--- START ---

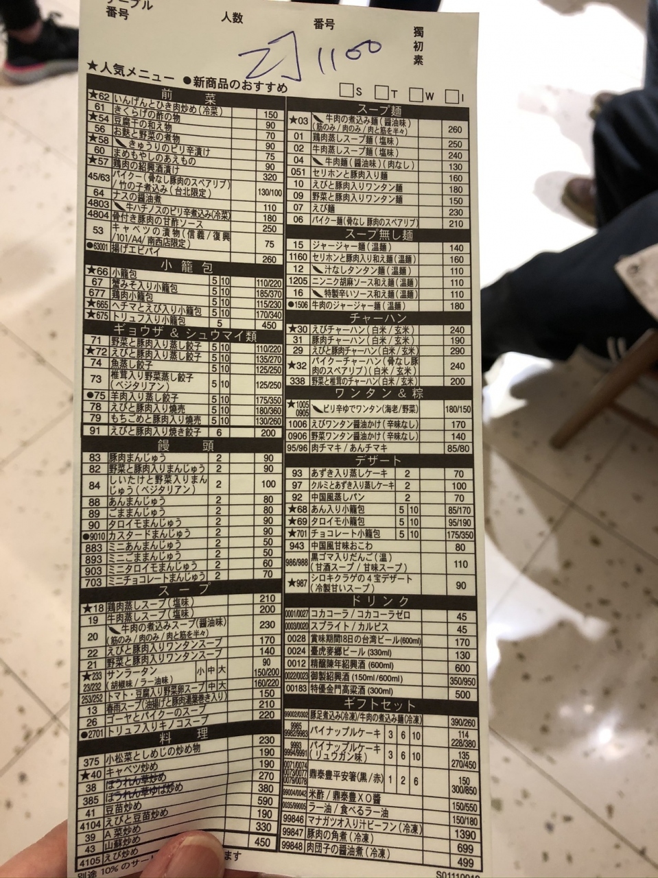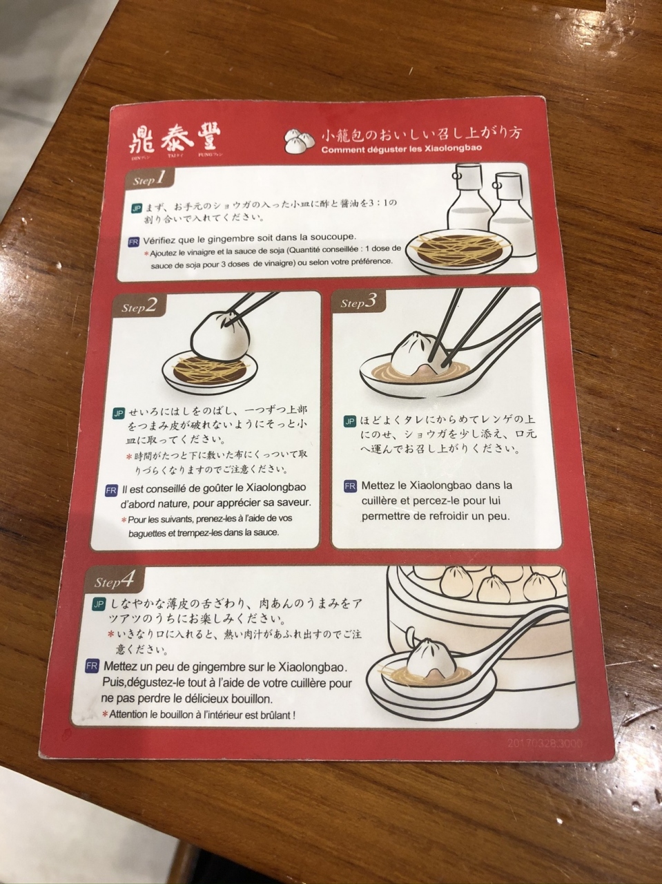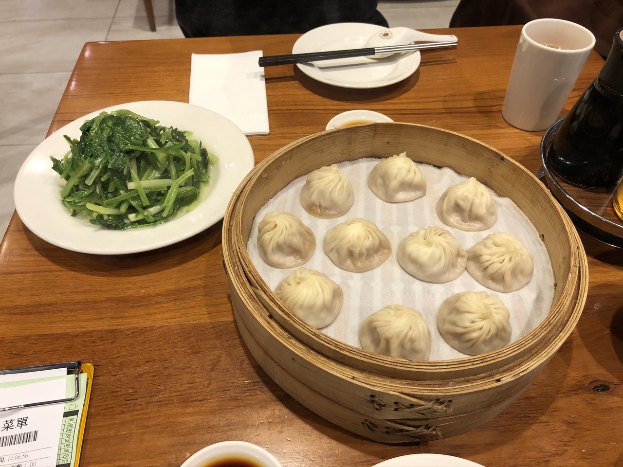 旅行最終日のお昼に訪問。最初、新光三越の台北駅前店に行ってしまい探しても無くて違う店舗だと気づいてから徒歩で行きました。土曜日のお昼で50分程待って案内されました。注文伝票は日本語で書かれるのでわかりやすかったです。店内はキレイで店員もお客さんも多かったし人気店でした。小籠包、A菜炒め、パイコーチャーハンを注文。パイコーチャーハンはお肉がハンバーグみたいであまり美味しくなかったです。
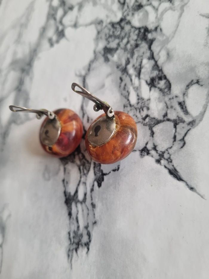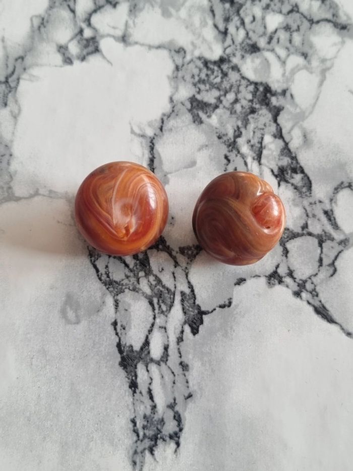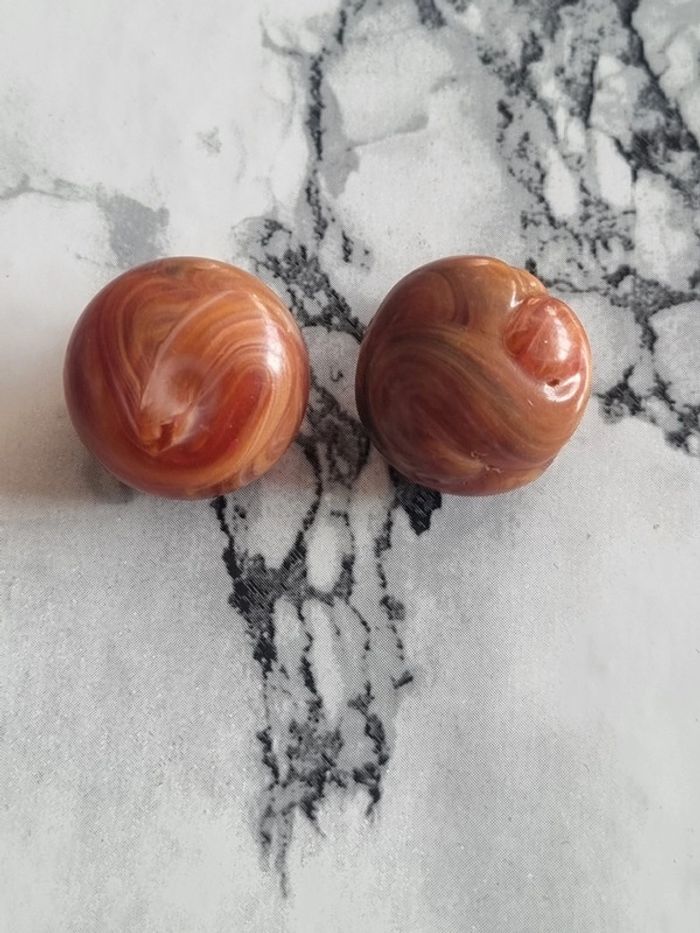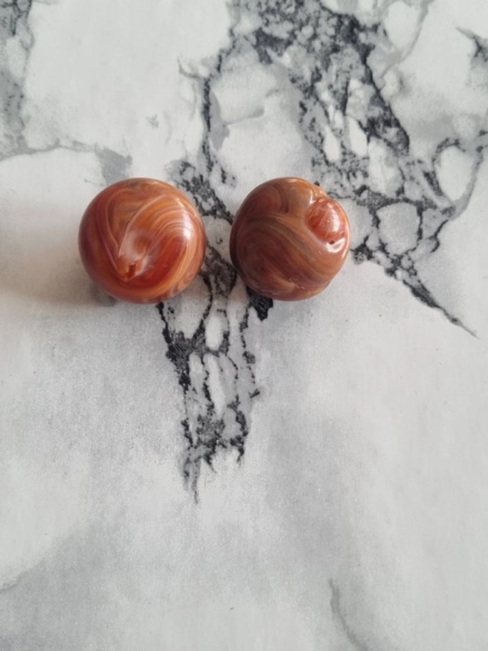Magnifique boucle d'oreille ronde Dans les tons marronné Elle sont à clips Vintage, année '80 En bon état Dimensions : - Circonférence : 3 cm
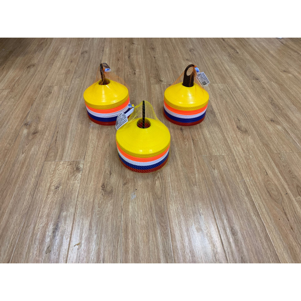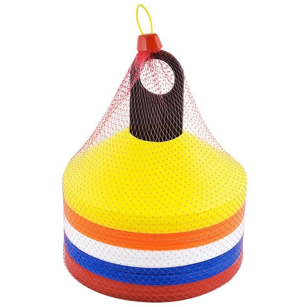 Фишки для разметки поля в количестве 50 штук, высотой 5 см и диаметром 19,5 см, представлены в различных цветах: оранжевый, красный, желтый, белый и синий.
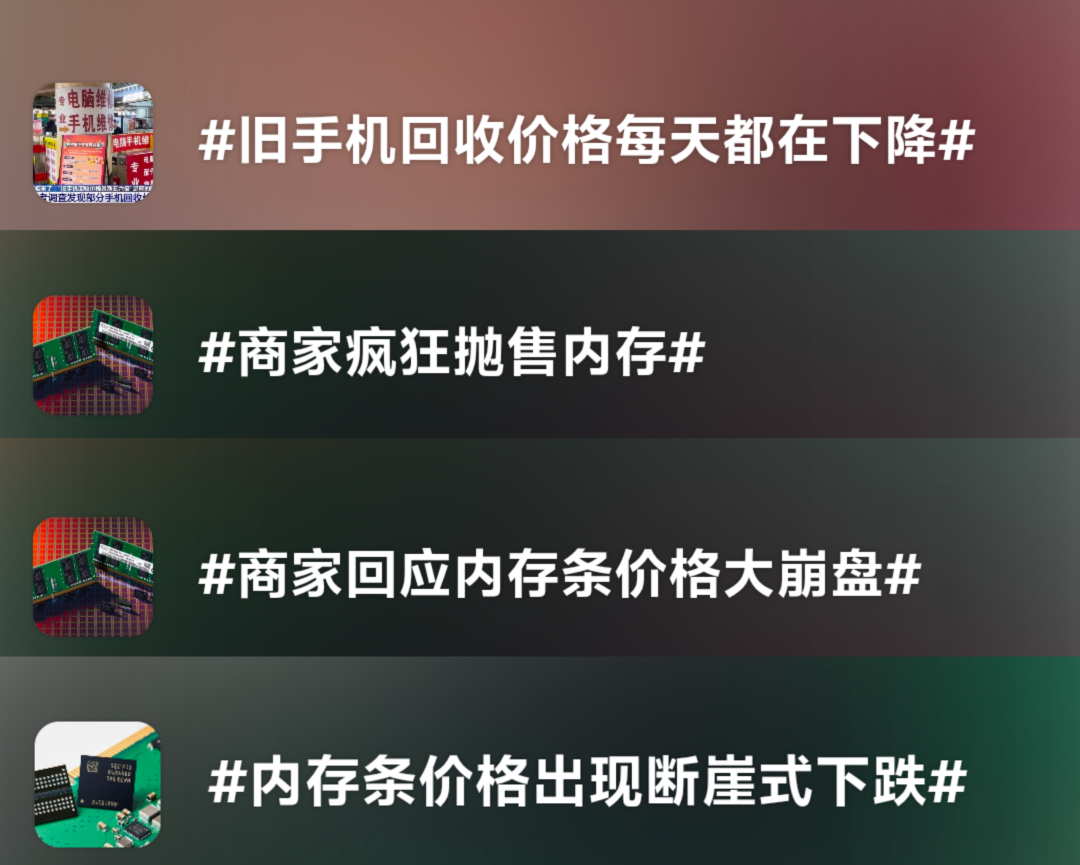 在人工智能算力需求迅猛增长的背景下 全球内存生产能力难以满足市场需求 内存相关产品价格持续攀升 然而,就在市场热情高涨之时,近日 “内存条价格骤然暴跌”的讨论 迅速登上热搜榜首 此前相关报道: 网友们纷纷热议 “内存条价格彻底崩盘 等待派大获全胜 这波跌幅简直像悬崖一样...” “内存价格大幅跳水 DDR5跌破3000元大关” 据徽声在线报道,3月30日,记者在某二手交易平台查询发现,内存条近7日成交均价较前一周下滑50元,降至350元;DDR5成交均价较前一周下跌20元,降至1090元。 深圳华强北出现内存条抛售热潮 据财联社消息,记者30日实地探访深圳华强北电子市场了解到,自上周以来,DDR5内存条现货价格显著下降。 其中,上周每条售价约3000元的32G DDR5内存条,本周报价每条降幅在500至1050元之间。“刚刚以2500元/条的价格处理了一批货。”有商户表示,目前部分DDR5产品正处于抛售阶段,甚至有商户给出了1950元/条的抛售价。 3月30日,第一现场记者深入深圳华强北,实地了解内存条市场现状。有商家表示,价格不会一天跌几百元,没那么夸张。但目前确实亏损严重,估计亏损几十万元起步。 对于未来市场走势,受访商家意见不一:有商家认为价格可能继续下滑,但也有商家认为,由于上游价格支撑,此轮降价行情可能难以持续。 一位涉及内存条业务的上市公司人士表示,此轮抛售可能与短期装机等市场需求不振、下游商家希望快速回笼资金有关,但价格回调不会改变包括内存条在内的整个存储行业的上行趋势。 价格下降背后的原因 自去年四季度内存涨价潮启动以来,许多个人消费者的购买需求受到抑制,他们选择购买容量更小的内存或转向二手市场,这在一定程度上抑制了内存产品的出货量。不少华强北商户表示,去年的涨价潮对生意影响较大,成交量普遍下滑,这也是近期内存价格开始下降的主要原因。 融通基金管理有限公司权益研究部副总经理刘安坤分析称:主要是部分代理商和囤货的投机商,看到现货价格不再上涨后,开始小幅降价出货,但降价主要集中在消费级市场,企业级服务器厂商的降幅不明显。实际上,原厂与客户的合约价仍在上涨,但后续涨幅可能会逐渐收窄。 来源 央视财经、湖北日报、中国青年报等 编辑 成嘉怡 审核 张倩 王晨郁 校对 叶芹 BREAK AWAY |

--- END ---
--- START ---

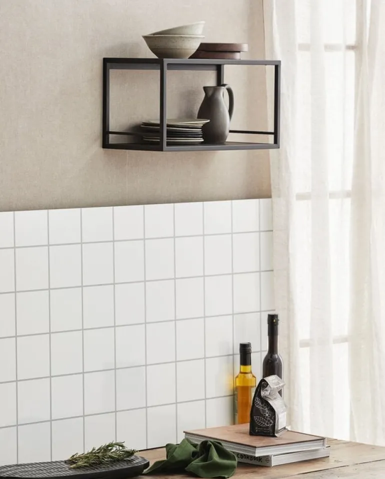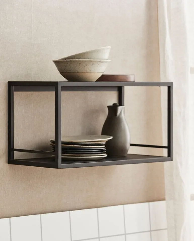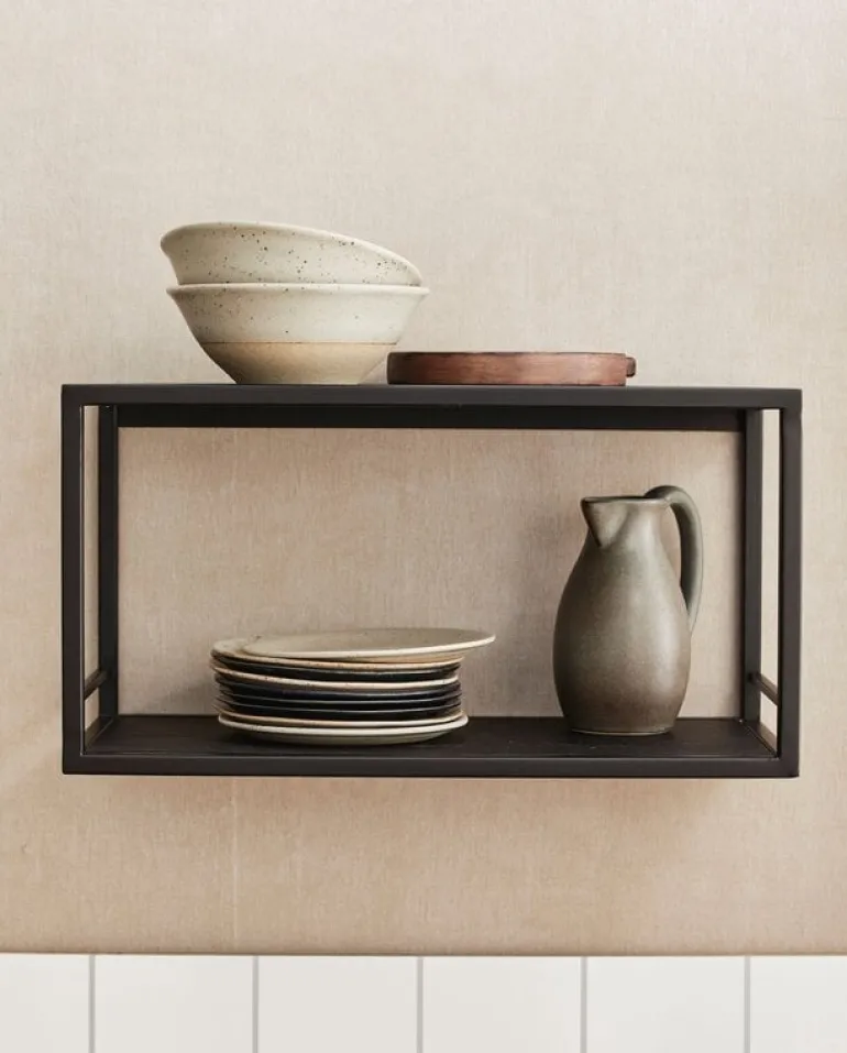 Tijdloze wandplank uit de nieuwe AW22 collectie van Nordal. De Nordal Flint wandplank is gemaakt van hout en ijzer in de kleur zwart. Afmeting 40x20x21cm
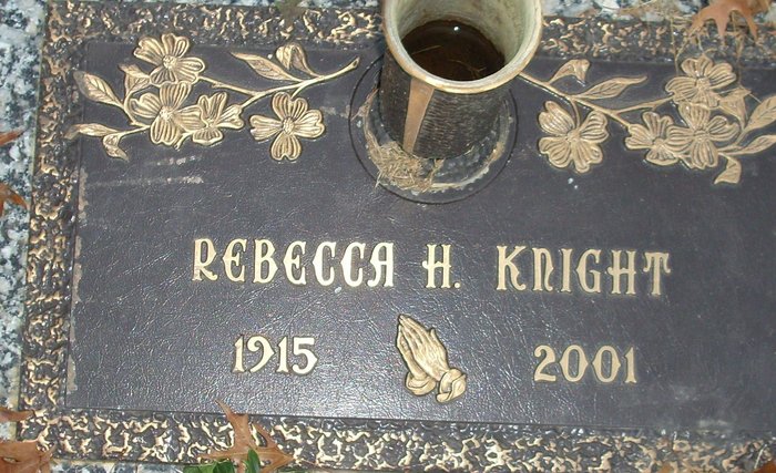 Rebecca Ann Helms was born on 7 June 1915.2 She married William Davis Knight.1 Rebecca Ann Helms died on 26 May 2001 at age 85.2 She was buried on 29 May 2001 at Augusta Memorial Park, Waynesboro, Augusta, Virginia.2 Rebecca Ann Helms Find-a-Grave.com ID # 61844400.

--- END ---

TASK BRIEF — What do the entries above read from the line containing "旅行最終日のお昼に訪問。最初" through the line containing "Фишки для разметки"? Output those lines exactly, both ends included, with the pictures left out.

WORKED SOLUTION —
 旅行最終日のお昼に訪問。最初、新光三越の台北駅前店に行ってしまい探しても無くて違う店舗だと気づいてから徒歩で行きました。土曜日のお昼で50分程待って案内されました。注文伝票は日本語で書かれるのでわかりやすかったです。店内はキレイで店員もお客さんも多かったし人気店でした。小籠包、A菜炒め、パイコーチャーハンを注文。パイコーチャーハンはお肉がハンバーグみたいであまり美味しくなかったです。
Magnifique boucle d'oreille ronde Dans les tons marronné Elle sont à clips Vintage, année '80 En bon état Dimensions : - Circonférence : 3 cm
 Фишки для разметки поля в количестве 50 штук, высотой 5 см и диаметром 19,5 см, представлены в различных цветах: оранжевый, красный, желтый, белый и синий.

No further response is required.